How long does romantic love last for?

Maybe you have just fallen in love? Well, make the most of it because love – romantic love, that is – only lasts about 90 days, according to one expert

SCIENTISTS have been trying to put love under the microscope for many years.
The latest study tends to show that it only takes a few minutes to fall in love.

Researchers at Ohio State University paired off students and followed the progress of their relationships. They found that in the majority of cases, those who became closest had known very soon after the first meeting that would be them outcome.
“Romantic relationships begin with people making judgments very quickly – literally within minutes,” says Professor Artemio Ramirez, in charge of the study.

“It shows that we gravitate towards people we like on the first meeting and our results suggest that three minutes is all you need to make a good judgment about potential partners.”

However, according to earlier research, if you have just fallen in love, you had better make the most of it because love – romantic love, that is – only lasts about 90 days.
That’s according to a study of romantic entanglements between students aged 18 to 40 at California State University. Head researcher professor Fred Meeker found, on that occasion, that passions started cooling after an average of just 90 days.

He found that the average length of a love affair was 18 months, and that the halfway line in romantic love is 90 days after the start. In another 90 days it decreases by half again, and so on until it ends.

But he also found that if passionate love tends to disappear in marriage, it is usually replaced by a non-emotional state called ‘companionate’ or ‘conjugal’ love – the warmth of a long-standing relationship.

Putting love under the microscope isn’t easy, admits psychologist Elaine Hatfield of the University of Hawaii.

“For one thing, the word ‘love’ can mean so many different things: from the thundering passion of hormone-drenched adolescents, to the quiet affection between grandparents.”

But, at least, she says that ‘love at first sight’ is possible, as the very newest Ohio study suggests.

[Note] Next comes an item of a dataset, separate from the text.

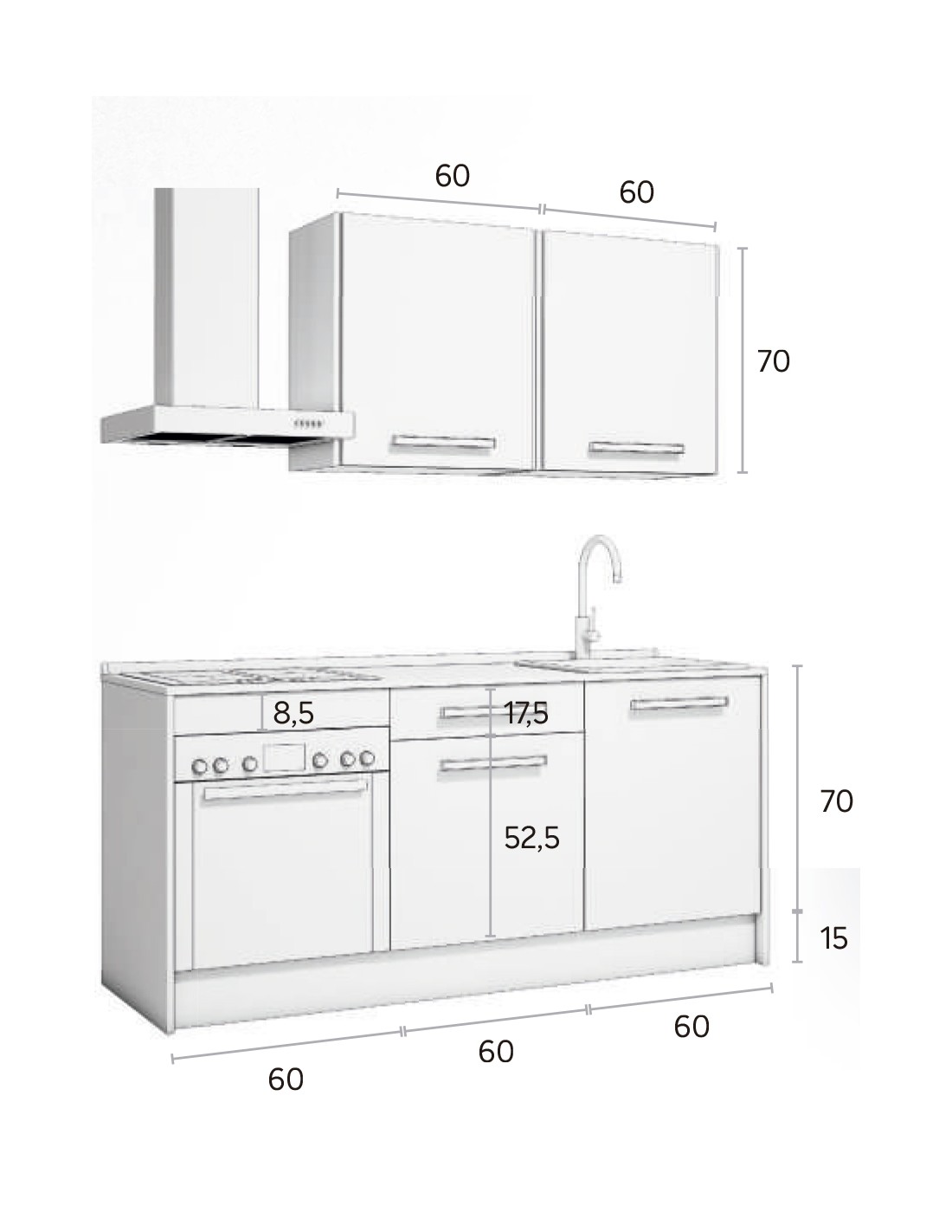 Moderna cocina que destaca por su elegancia y eficiencia. Gracias a su amplio espacio de almacenamiento y su zona de trabajo, esta cocina es el complemento ideal para su hogar. Su estética simple y minimalista será el componente perfecto para un espacio de cocina eficiente sin perder ni un ápice de estilo.

“It’s all a question of neurons – brain cells,” she adds. “The early experiences we undergo in life lay down brain cell circuits controlling our emotions and behaviour. Circuits exist for all our emotions.

“So you look across a crowded room and see a man wearing a tie like Daddy used to wear, or with a haircut just like the boy you were wild about when you were 14. Your eyes transmit the date to the brain and – bingo!

“’This is it!’ says your number one neuron, known as the command neuron, and you are in love.”

According to researchers at Boston University, love not only makes the world go round, it also keeps away coughs and sneezes.

The study concluded that romance is the best antidote to the common cold.
“Dwelling on the positive experiences of loving or being loved appear to raise an individual’s concentration of munoglobulin – the body’s first line of defence against chest infection,” said Dr David McClelland who headed the study.

Another experiment offers an explanation for the symptoms of love.

When two new bridges appeared over the Capilano River in British Columbia, one was a narrow, swaying footbridge, 230ft above the rocks; the other was a sturdy, low, concrete span.

Most people faced with the choice chose the low, safer-looking one. But a few young, daredevil men went over on the dangerous footbridge.

One morning, men coming off both bridges were met by a very attractive woman. She said she wanted their help in filling in a questionnaire.

Her telephone number was clearly seen at the top of her pad.

Before the week was out, many of the men who had crossed on the dangerous footbridge had phoned the woman and asked her out for a date.

The whole thing – bridges, fake questionnaire and bold phone number – was an experiment by scientists to try to find the answers to ‘What is this thing called love?’
The men who crossed the swaying footbridge came off with pounding hearts, trembling hands and sweaty palms – their response to the fear involved.

But these are also the commonly accepted sign of someone in love.

So, when they saw the beautiful woman waiting for them, they sub-consciously concluded there were in love – and rang her up for a date.